* EXERCISE GOAL:
Nothing but the lines from the one containing "anrufen | |" through the last line of the records belongs in the answer, copied exactly and with the pictures left out.

BEGIN INFORMATION

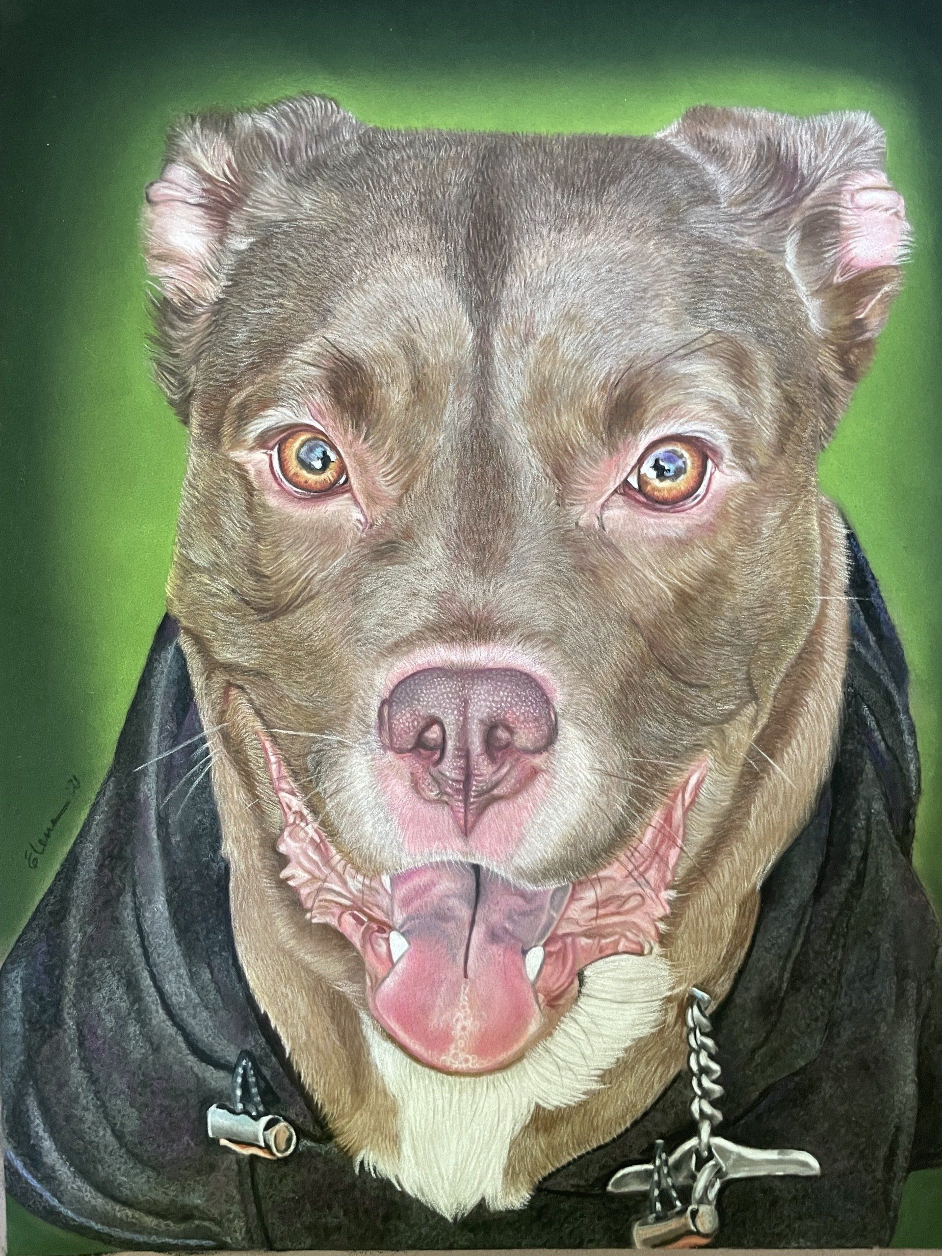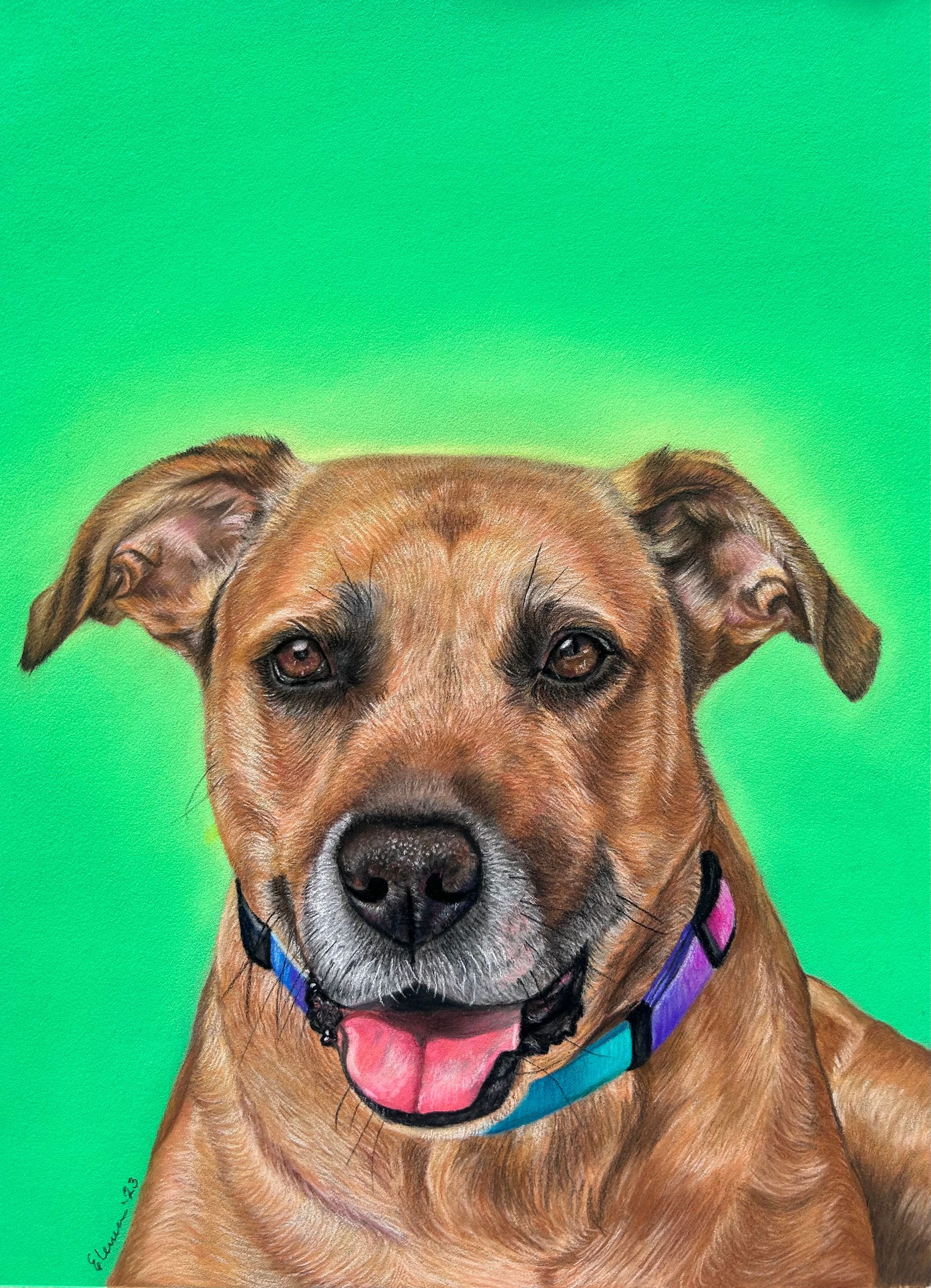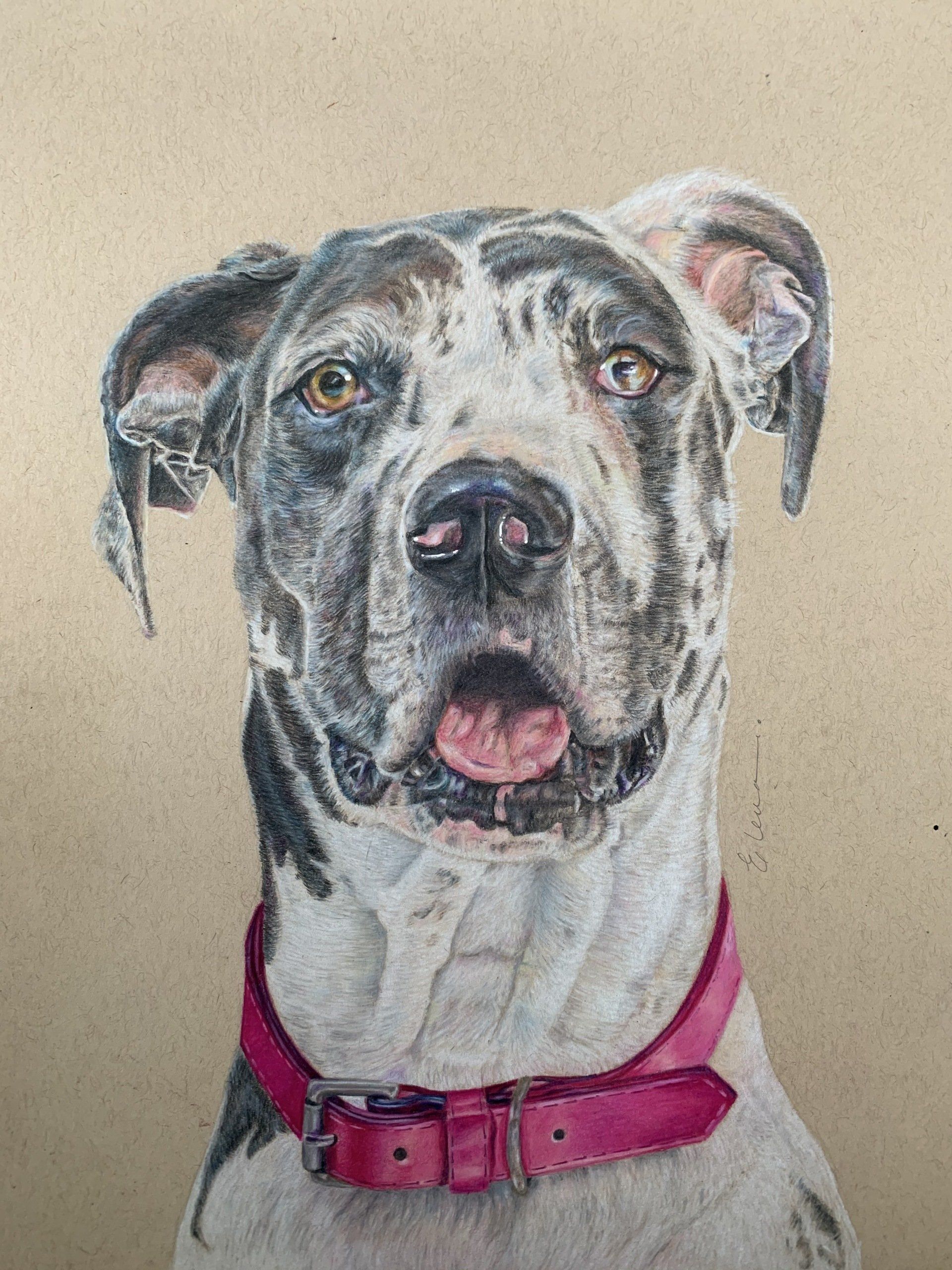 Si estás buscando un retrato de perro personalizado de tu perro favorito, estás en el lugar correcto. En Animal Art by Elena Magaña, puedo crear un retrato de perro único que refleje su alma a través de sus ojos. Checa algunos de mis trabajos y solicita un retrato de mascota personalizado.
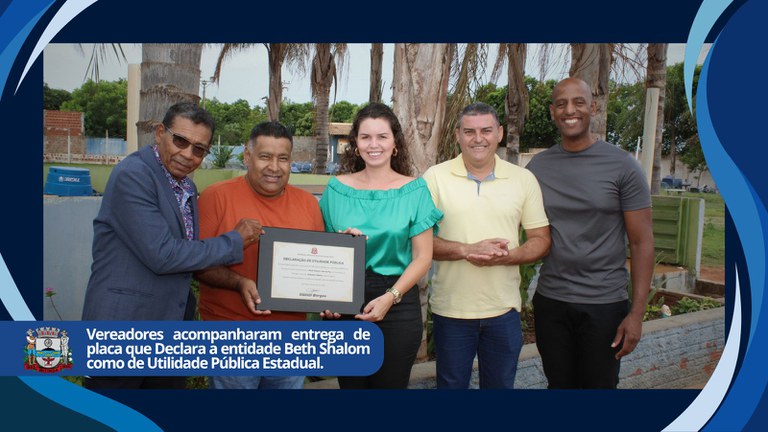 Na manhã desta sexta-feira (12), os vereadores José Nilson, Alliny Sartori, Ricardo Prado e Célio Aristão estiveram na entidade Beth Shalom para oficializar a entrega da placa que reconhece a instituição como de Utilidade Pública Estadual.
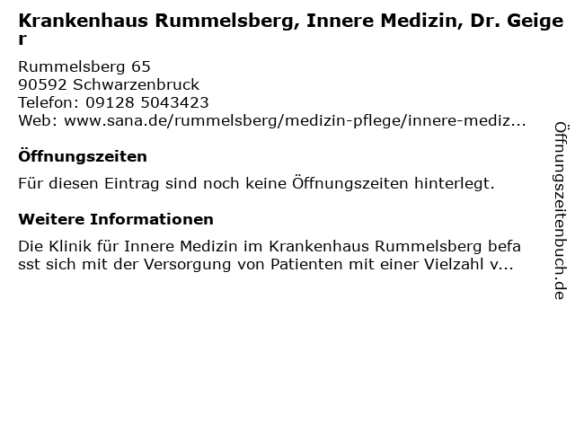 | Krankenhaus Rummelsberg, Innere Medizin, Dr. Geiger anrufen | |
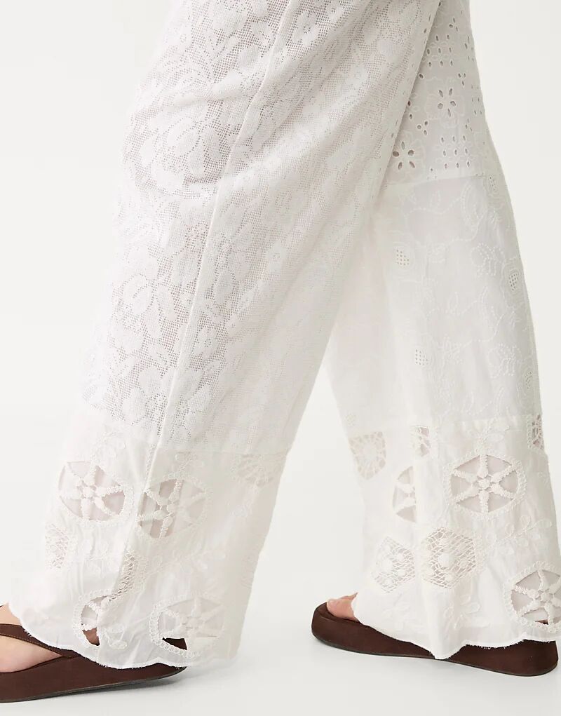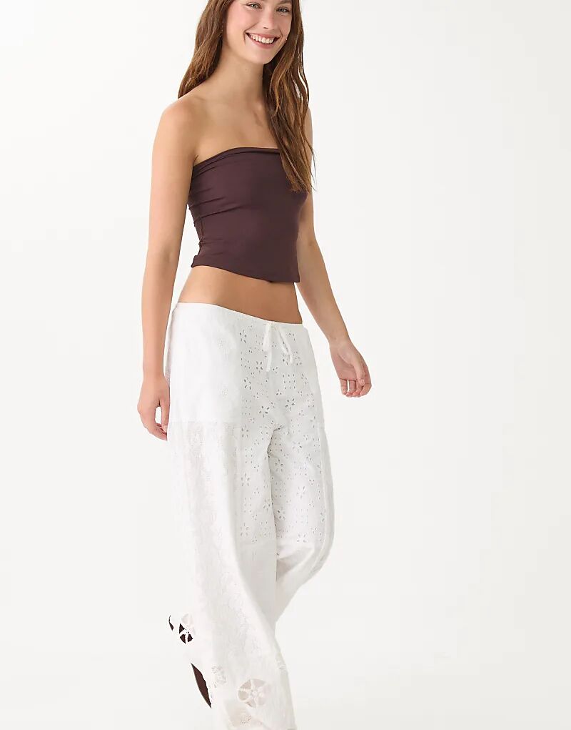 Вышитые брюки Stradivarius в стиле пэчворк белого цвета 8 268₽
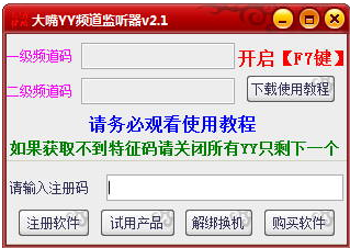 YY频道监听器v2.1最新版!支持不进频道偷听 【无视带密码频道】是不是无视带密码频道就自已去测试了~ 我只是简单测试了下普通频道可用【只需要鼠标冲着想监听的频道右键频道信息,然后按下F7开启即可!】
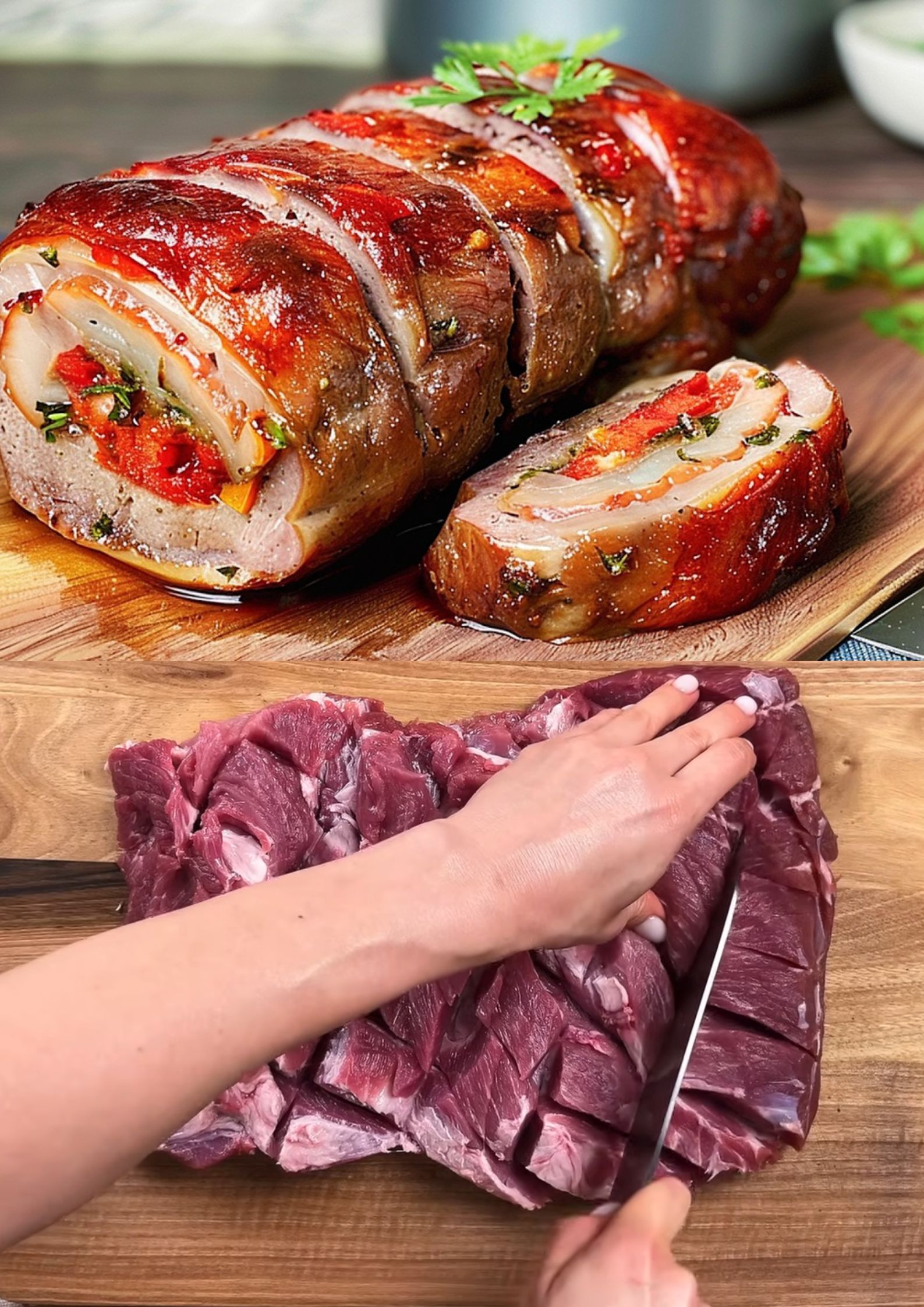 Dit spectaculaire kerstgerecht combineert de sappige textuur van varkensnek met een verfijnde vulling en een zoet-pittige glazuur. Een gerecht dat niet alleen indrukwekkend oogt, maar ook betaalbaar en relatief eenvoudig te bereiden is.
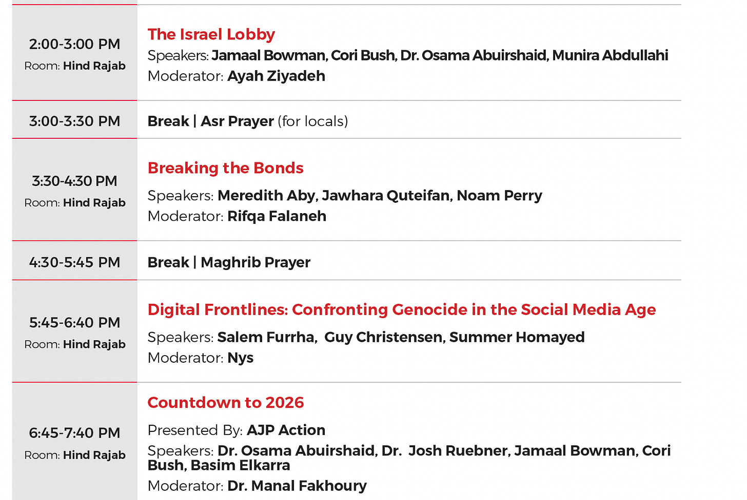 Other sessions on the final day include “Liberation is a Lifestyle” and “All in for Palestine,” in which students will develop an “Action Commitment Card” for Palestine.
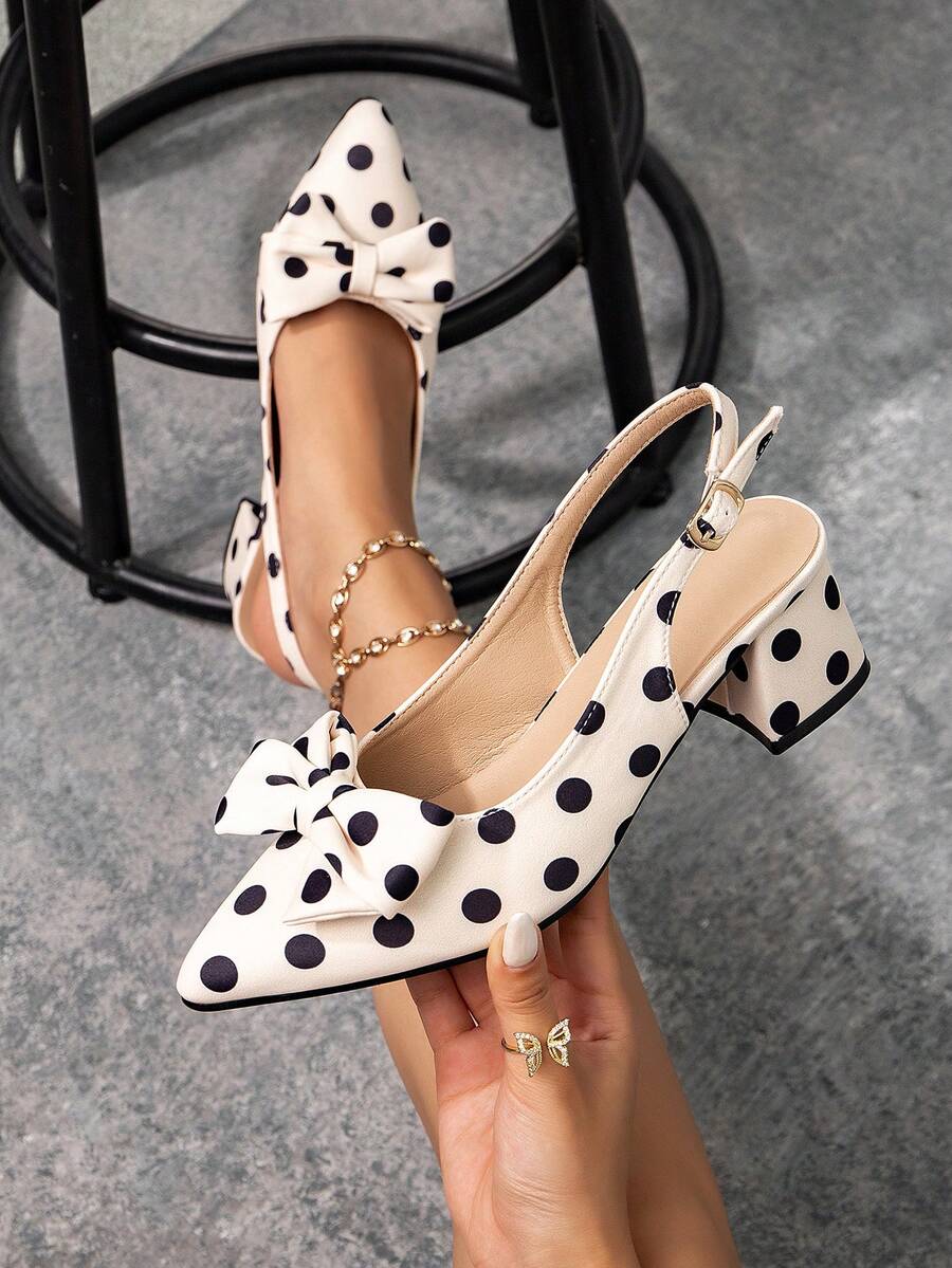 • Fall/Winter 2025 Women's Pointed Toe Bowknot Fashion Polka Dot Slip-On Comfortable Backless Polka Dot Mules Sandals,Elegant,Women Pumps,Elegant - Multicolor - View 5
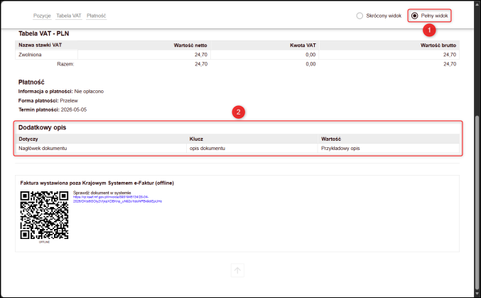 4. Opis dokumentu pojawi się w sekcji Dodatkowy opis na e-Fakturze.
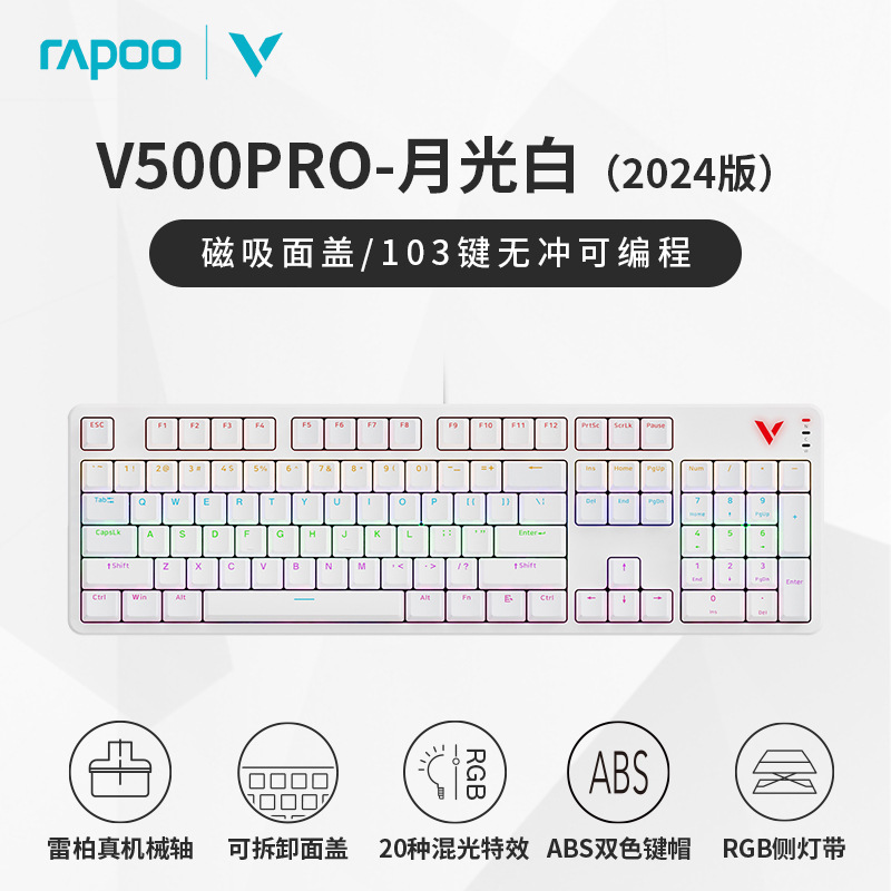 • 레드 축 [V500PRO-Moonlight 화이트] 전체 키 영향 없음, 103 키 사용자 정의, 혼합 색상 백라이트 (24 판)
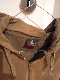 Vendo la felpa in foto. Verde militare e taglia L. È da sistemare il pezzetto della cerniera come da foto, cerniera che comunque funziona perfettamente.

END INFORMATION

* FINAL ANSWER:
 | Krankenhaus Rummelsberg, Innere Medizin, Dr. Geiger anrufen | |
 Вышитые брюки Stradivarius в стиле пэчворк белого цвета 8 268₽
 YY频道监听器v2.1最新版!支持不进频道偷听 【无视带密码频道】是不是无视带密码频道就自已去测试了~ 我只是简单测试了下普通频道可用【只需要鼠标冲着想监听的频道右键频道信息,然后按下F7开启即可!】
 Dit spectaculaire kerstgerecht combineert de sappige textuur van varkensnek met een verfijnde vulling en een zoet-pittige glazuur. Een gerecht dat niet alleen indrukwekkend oogt, maar ook betaalbaar en relatief eenvoudig te bereiden is.
 Other sessions on the final day include “Liberation is a Lifestyle” and “All in for Palestine,” in which students will develop an “Action Commitment Card” for Palestine.
 • Fall/Winter 2025 Women's Pointed Toe Bowknot Fashion Polka Dot Slip-On Comfortable Backless Polka Dot Mules Sandals,Elegant,Women Pumps,Elegant - Multicolor - View 5
 4. Opis dokumentu pojawi się w sekcji Dodatkowy opis na e-Fakturze.
 • 레드 축 [V500PRO-Moonlight 화이트] 전체 키 영향 없음, 103 키 사용자 정의, 혼합 색상 백라이트 (24 판)
 Vendo la felpa in foto. Verde militare e taglia L. È da sistemare il pezzetto della cerniera come da foto, cerniera che comunque funziona perfettamente.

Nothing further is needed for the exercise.